Within the breast cancer world, as with other diseases affecting so many, organizations and priorities compete. Weiss points out that her site is "the top breast cancer site, the most visited."

She says, "I'd much prefer to prevent cancer than diagnose and cure it," the last being Susan G. Komen's mandate. "I think there's been very little money spent toward prevention." The battle rages over how often women should have mammograms.

This spring, Weiss was diagnosed with breast cancer. "Now I have dual citizenship in a country I never wanted to belong to." Diet, exercise, sleep, and moderate alcohol consumption help reduce risk, all steps she's taken. But, for many women, such vigilance isn't as much fun as shopping.

"When people say there is too much pink, I say there is not nearly enough pink," Komen's sister, Nancy Brinker, recently told USA Today. Her organization raises $55 million annually through cause marketing, including partnerships with companies like KFC, even though obesity is a known risk factor for breast cancer.

Breast Cancer Action has taken aim at what critics brand as "pinkwashing." In 2002, the advocacy group launched "Think Before You Pink," trying to get consumers to ask more questions.

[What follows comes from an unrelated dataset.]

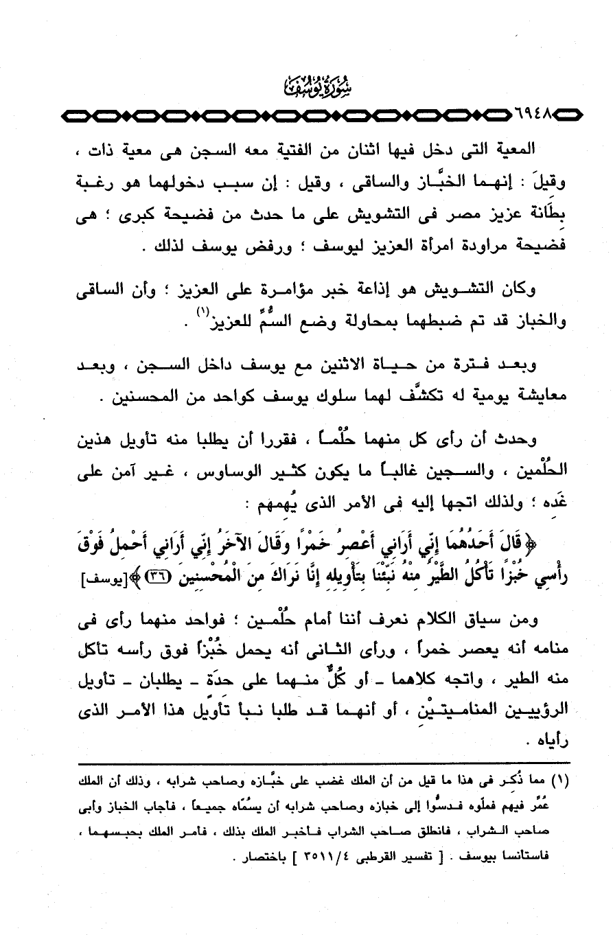 وحدث أن رأى كل منهما حُلْماً، فقررا أن يطلبا منه تأويل هذين الحُلْمين، والسجين غالباً ما يكون كثير الوساوس، وغير آمن على غَدِه؛ ولذلك اتجها إليه في الأمر الذي يُهِمهم:

BCA successfully targeted pink-ribbon sponsor Yoplait, and later Dannon, for stimulating yogurt cultures with the bovine growth hormone rBGH, which has been linked to breast cancer. The companies have ceased using the growth hormone.

"We're encouraging people to ask critical questions when they encounter a pink product," says BCA's Kim Irish. "The average consumer is not going to do the research before they buy the product. They want to feel good about buying it."

Curious, and still in residual shock from Sunday's Linc pinkathon, I phoned the Eagles and asked how much pink money has been raised, and where it's going, since the website offers no such information. Turns out that every purchase of the team's top-selling Tackling Breast Cancer items, a $20 pink tie and a $24.99 Eagles green-and-pink cap, results in a $7.50 donation to the Jefferson Breast Care Center. The team has contributed $1.5 million in the last six years.

"We were the first NFL team to do this," says the Eagles' Julie Hirshey. "Now all NFL sites have pink hats."

Fine, more bragging and competition. But we'll take it.